Your work for today is done.
And now, the pulao ingredients,
Don’t be scared but here comes another hefty shopping basket of ingredients. This makes enough rice for 6 hungry adults, maybe with a little leftover for the next day.
- 3 cups of pre-soaked, washed basmati rice
- 6 cups lamb pulao stock (double the number of cups of rice you will be using)
- 3 brown onions, sliced
- 1 cinnamon stick
- pinch of saffron
- small handful coriander seeds
- 2 tbsp cumin seeds
- lamb pieces from the stock
- 3 black cardamon
- 5 green cardamon
- 1 bay leaf
- Fry the onions in the ghee until as dark as you would like. A little caramelisation is no bad thing. This adds a good depth of flavour and that strangely desirable dirty look to the rice.
- Pop the whole spices into the pan and allow them to release their aroma. Careful not to burn anything at this stage.
- And now the lamb pieces. Remember them? Ooooh, they’re going to be soooo good in the finished dish. Gently though, don’t break them up.

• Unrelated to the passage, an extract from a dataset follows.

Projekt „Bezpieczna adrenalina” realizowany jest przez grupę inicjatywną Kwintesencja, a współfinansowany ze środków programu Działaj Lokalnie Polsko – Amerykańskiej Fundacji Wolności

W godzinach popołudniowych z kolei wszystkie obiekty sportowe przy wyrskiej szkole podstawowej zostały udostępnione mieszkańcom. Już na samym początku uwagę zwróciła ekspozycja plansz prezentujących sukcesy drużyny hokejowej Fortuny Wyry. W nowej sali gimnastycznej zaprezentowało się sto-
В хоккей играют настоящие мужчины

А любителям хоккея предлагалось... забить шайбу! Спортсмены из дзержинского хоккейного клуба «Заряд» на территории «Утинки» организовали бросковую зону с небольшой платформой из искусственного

- Add the rice, fry until slightly translucent. Keep it moving to allow all grains to be coated in the ghee and spice mix.
- Stock next. Double the quantity of rice. So, 1 cup of rice = 2 cups of water. Just remember to use the same cup to measure.

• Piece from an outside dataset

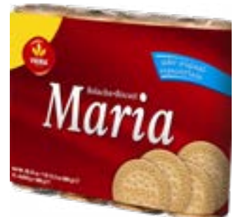
BISCUIT MARIA PACK 4X 200G VIEIRA DE CASTRO

- Bring to the boil. Put on a tight lid. You can add a layer of tinfoil before the lid if need be. The pulao can be cooked in the oven or simmered on the lowest heat on the hob. There is less chance of the bottom layer of rice sticking if you bake it in the oven.
- Cook for 30 minutes. Remove from the heat and allow to stand for a further ten minutes. The grains should be light and fluffy and separate.
- Serve with your favourite dahl and maybe something yoghurty. A salad on the side would be perfect. Perhaps some fermented chilli sauce or fermented lime pickle. Ooooh, dinner is served.
Authentic, wholesome, comforting, aromatic and overwhelmingly delicious. Not much else to say except, you’re welcome.